Если следовать логике, то в основу моего вызволения непременно должен лечь тот же порядок действий, только наоборот. Иными словами необходимо будет вновь наступить на пластину, заставив дуги вернуться в исходное положение.
Легко сказать! Ведь как минимум, потребуется подняться, а с перебитой ногой сделать это совсем не просто.
Я хорошо чувствовал, как иссякал отведённый мне лимит времени. Да и мороз наседал, беззастенчиво проявляя свою отмороженную сущность.
Попытка встать ни к чему не привела, разве что по телу пробежал очередной болевой импульс… Как итог: внутренняя опустошённость и полное разочарование от собственного бессилия. Смерть теперь не казалась такой уж отдалённой абстракцией.
«Все там будем… Так, кажется? А вопрос, „когда?“, – с точки зрения вечности и не важен».
Невольно вспомнилась нашумевшая «Жизнь после смерти» с описаниями околосмертных переживаний. Тоннель, свет, черта… По мне, так всё это чушь полная. Хотя… Помрём, увидим. Ждать осталось недолго.
Минутная расслабленность чуть было не сыграла злую шутку… И лишь чей-то отдалённый голос помог вернуться в окружающую действительность: «Что… всё, сдался? А как же близкие, друзья… кошка Муська, гупёшки в аквариуме на подоконнике?..».
«Ну, уж нет! К чертям тоннели! Давай-ка, фрау, вылезай, пора за работу!..».
Вынув из футляра камеру, я что есть силы принялся колотить ею замёрзшую пружину…
Даже плотно сжатые губы и те ощущали характерный слёзный привкус. Казалось, что бил я не по капкану, а по собственной ноге. Что уж говорить о камере… Руки в тонких матерчатых перчатках, – и те в кровь.
То ли насытилась она за свою хищную бытность, то ли «Лейкины» хуки аппетит перебили, а может и от собственной старости, но ловушка поддалась и лопнувшая пластина освободила, наконец, сжатые ею дуги. Те же, в свою очередь, стали неуправляемы и без особых усилий позволили развести себя в разные стороны…
Вот и солнце зашло.
Его последний луч, не желая покидать облюбованное место, долго сопротивлялся.

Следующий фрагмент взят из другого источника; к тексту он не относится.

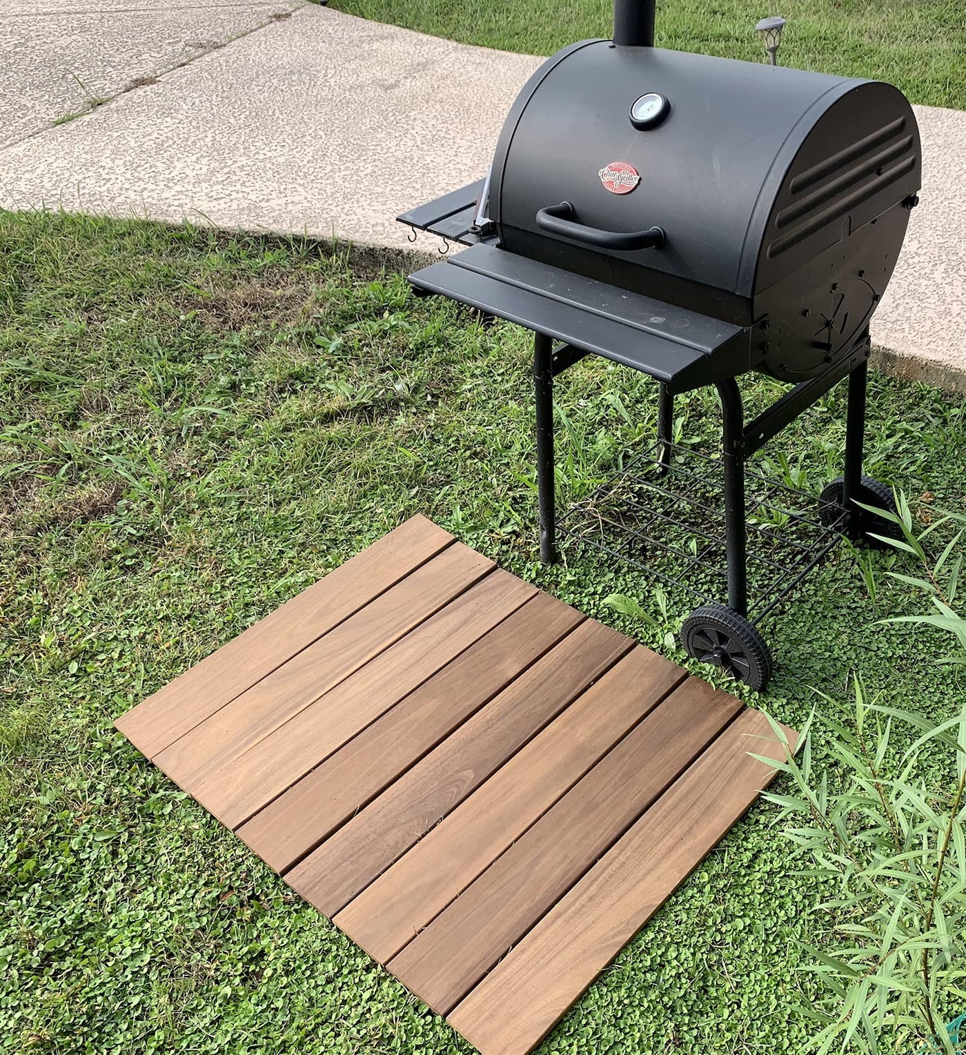 Good looking and practical, make covering the floor easy, indoors or out, with this unique and creative Rustic Dark Brown Roll Out Indoor Outdoor Wood Floor Mat. Use as a single floor mat or cover your space with multiples to make a deck-like wood rug. These cool plank mats can even be cut to size if you need to fit a particular space. Made with outdoor rated and environmentally safe thermo-treated hardwood that is water resistant and built to last, this mat is a great way change things up. The beauty is not only that they bring in a sense of authentic and earthy appeal to your space with their warm coloration, distressed and natural wood grains, but that they are they multi-faceted in their functionality, allowing you to creatively use them for a host of many options. Use as a temporary or permanent solution indoors or out - on your patio, balcony, in the garage or basement. These mats are great for camping or RVs. They make great mini-decks in the barbeque area or walk ways around the pool or garden. The possibilties are endless. 32' x 42' x 0.5'

Но время вышло, и он вынужденно подчинившись, забрал с собой и все разбросанные по снегу рисунки.
Я молча сидел и не верил своему чудесному вызволению.

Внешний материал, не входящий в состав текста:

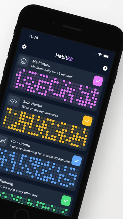 HabitKit is the perfect app for anyone looking to form new habits or break old ones. With HabitKit, you can track your progress with beautiful tile-based grid charts. Whether you're trying to quit smoking, eat healthier, or exercise more, HabitKit can help you achieve your goals. You can customize your dashboard by adjusting colors, icons and descriptions. Draw motivation from growing the amount of colored tiles on your habit dashboard.

Моя «немка» не только по форме, но и по духу оказалась далеко не «мыльницей» и в экстремальной ситуации проявила себя вполне достойно.

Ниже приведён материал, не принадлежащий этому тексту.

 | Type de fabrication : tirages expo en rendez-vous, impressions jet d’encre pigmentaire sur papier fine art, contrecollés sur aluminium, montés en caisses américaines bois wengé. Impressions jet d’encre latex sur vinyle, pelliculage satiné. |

И кто бы подумал, что её финальным аккордом станет спасение своего старого друга.
16.03.2016
Деградация
Вначале была «скорая» и констатировала смерть. Затем – полиция, не обнаружившая криминала. А после… После оно просто валялось, как никому не нужная, выброшенная на свалку вещь. И только спустя несколько часов на горизонте появился старый пошарпанный пепелацц, доставив, наконец, тело по назначению…
Жизнь – штука сложная, как ни крути. Особенно, если это всего лишь «штука». Без жизни. Как у Фили.
Ну а как?.. Родителей своих – никогда не видел. Всё детство по детдомам да сиротским приютам. А как повзрослел, так больше по казённым учреждениям с решётчатыми окнами.
Погоняло «Филин» – ещё оттуда, с детства. И прицепилось, исключительно по фамилии. Хотя… Филин – птица ночная. Так что, если б не фамилия, всё равно б прилипло.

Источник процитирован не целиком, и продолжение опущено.